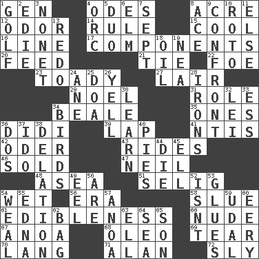 ACROSS 1. Commissioned mil. rank 4. Lyric poems 8. Measure of real estate 12. Scent 14. General guideline 15. Calm and collected 16. Actor's bit 17. Pieces 20. Nourish 21. Make a knot 22. Enemy 23. Sycophant 27. Den 29. Christmas carol 31. Hero or heavy, e.g. 34. Memphis, Tenn. Street 35. Washington bills 36. "You Light Up My Life" star Conn 39. Pet locale 41. Nuclear Threat Initiatives 42. Baltic tributary 43. Amusement-park features 46. Exchanged or delivered for money 47. Famous astronaut Armstrong 48. Toward the sea 51. Major League Baseball Commissioner Bud 54. Dripping 56. Epoch 58. Turn sharply 61. The property of being fit to eat 66. Naked 67. Small Philippine buffalo 68. Butter sub 69. Pull into pieces 70. Austrian-born American filmmaker Fritz 71. Actor Alda or Thicke 72. Secret DOWN 1. Eighteen holes 2. Singer Brickell 3. Music written for nine 4. The grampus (Milton) 5. Superhero pair 6. Shade tree 7. Back-to-school mo. 8. Adept person 9. Meet 10. Printing process, for short 11. Otherwise 13. Make new 18. Petroleum 19. Teachers' org. 24. A saturated hydrocarbon 25. ___ good deed 26. Shout 28. Metal shackles 30. Acquire or gain knowledge or skills 32. Flowery wreath 33. Curvy letter 34. Avian creatures 36. Two (Sp.) 37. Wedding promise 38. Conveyance 40. Sliced desserts 44. Expire 45. Pipe bend 49. Snakelike fish 50. "We ___ not amused" (Victoria) 52. Is not 53. Cements 54. Welt 55. Pulitzer Prize-winning author Ferber 57. Small Philippine buffalo 59. Freehold land 60. Suggestive of the supernatural 62. Paper or plastic container 63. Pipe bend 64. Ocean 65. Manchild
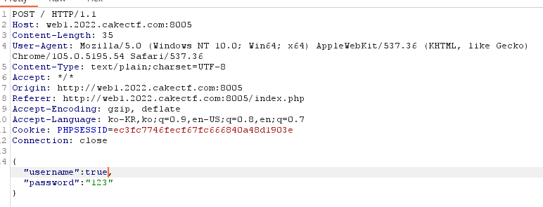 burp suite로 패킷을 가로채 username에 true를 입력하면
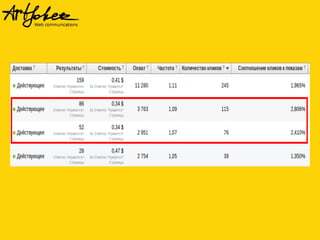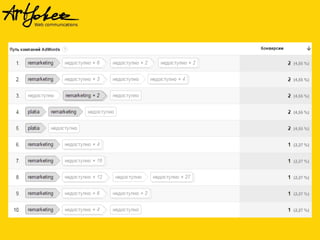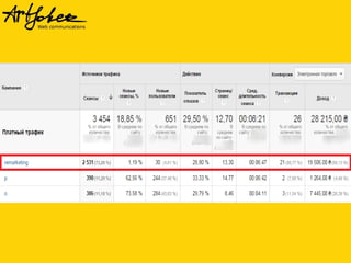 Документ представляет мастер-класс по ремаркетингу, освещая процессы создания рекламных кампаний в Google, настройки ремаркетинга и повышения его эффективности. Рассматриваются виды ремаркетинга, включая динамический и поисковой, а также важность использования уникальных торговых предложений и призывов к действию в рекламных объявлениях. Также обсуждаются возможности ремаркетинга в социальных сетях и методы измерения его успеха.
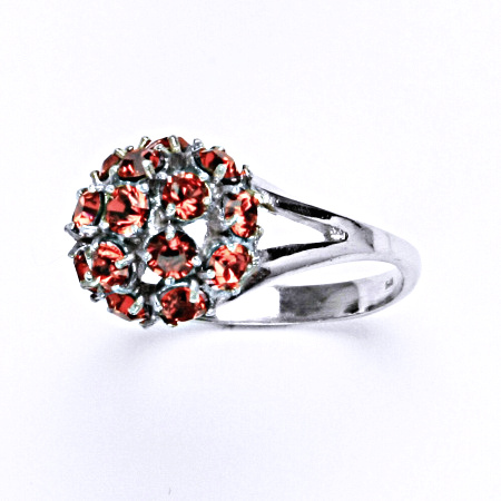 Stříbrný prsten s krystalem swarovski ve tvaru půlkoule. Barva swarovski krystalu je paparadscha. Kameny jsou pevně uchyceny v kovu, záruka na vypadávání. Tyto šperky se dají zakoupit do soupravy s koulemi, které najdete v naší nabídce.
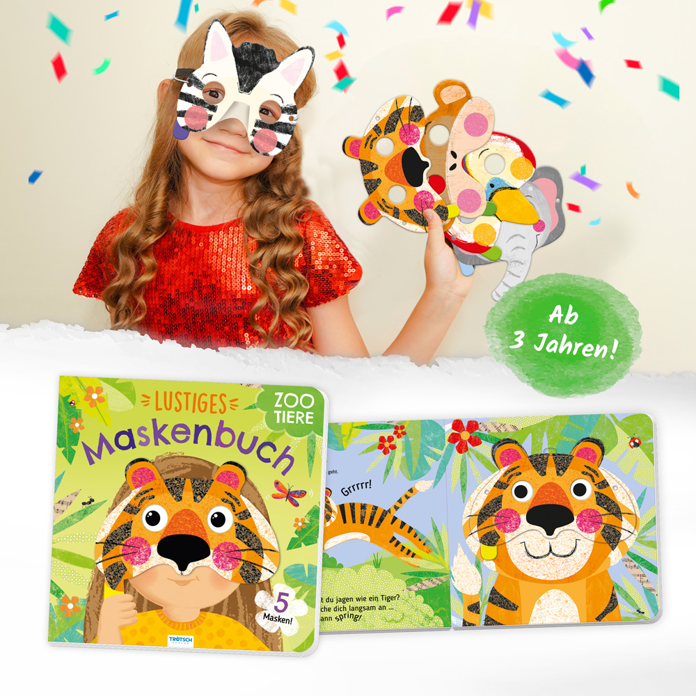 TRÖTSCH - Lustiges Maskenbuch "Zootiere" | Interaktives Pappenbuch mit 5 herausnehmbaren Zootier-Masken zum Spielen und Verkleiden | Mit eingängigen Reimen für fantasievolle Abenteuer | Ab 1 Jahr

» **Work order**
Take the records above and transcribe them exactly, dropping every picture.

» **Response to the exercise**
 ACROSS 1. Commissioned mil. rank 4. Lyric poems 8. Measure of real estate 12. Scent 14. General guideline 15. Calm and collected 16. Actor's bit 17. Pieces 20. Nourish 21. Make a knot 22. Enemy 23. Sycophant 27. Den 29. Christmas carol 31. Hero or heavy, e.g. 34. Memphis, Tenn. Street 35. Washington bills 36. "You Light Up My Life" star Conn 39. Pet locale 41. Nuclear Threat Initiatives 42. Baltic tributary 43. Amusement-park features 46. Exchanged or delivered for money 47. Famous astronaut Armstrong 48. Toward the sea 51. Major League Baseball Commissioner Bud 54. Dripping 56. Epoch 58. Turn sharply 61. The property of being fit to eat 66. Naked 67. Small Philippine buffalo 68. Butter sub 69. Pull into pieces 70. Austrian-born American filmmaker Fritz 71. Actor Alda or Thicke 72. Secret DOWN 1. Eighteen holes 2. Singer Brickell 3. Music written for nine 4. The grampus (Milton) 5. Superhero pair 6. Shade tree 7. Back-to-school mo. 8. Adept person 9. Meet 10. Printing process, for short 11. Otherwise 13. Make new 18. Petroleum 19. Teachers' org. 24. A saturated hydrocarbon 25. ___ good deed 26. Shout 28. Metal shackles 30. Acquire or gain knowledge or skills 32. Flowery wreath 33. Curvy letter 34. Avian creatures 36. Two (Sp.) 37. Wedding promise 38. Conveyance 40. Sliced desserts 44. Expire 45. Pipe bend 49. Snakelike fish 50. "We ___ not amused" (Victoria) 52. Is not 53. Cements 54. Welt 55. Pulitzer Prize-winning author Ferber 57. Small Philippine buffalo 59. Freehold land 60. Suggestive of the supernatural 62. Paper or plastic container 63. Pipe bend 64. Ocean 65. Manchild
 burp suite로 패킷을 가로채 username에 true를 입력하면
 Документ представляет мастер-класс по ремаркетингу, освещая процессы создания рекламных кампаний в Google, настройки ремаркетинга и повышения его эффективности. Рассматриваются виды ремаркетинга, включая динамический и поисковой, а также важность использования уникальных торговых предложений и призывов к действию в рекламных объявлениях. Также обсуждаются возможности ремаркетинга в социальных сетях и методы измерения его успеха.
 Stříbrný prsten s krystalem swarovski ve tvaru půlkoule. Barva swarovski krystalu je paparadscha. Kameny jsou pevně uchyceny v kovu, záruka na vypadávání. Tyto šperky se dají zakoupit do soupravy s koulemi, které najdete v naší nabídce.
 TRÖTSCH - Lustiges Maskenbuch "Zootiere" | Interaktives Pappenbuch mit 5 herausnehmbaren Zootier-Masken zum Spielen und Verkleiden | Mit eingängigen Reimen für fantasievolle Abenteuer | Ab 1 Jahr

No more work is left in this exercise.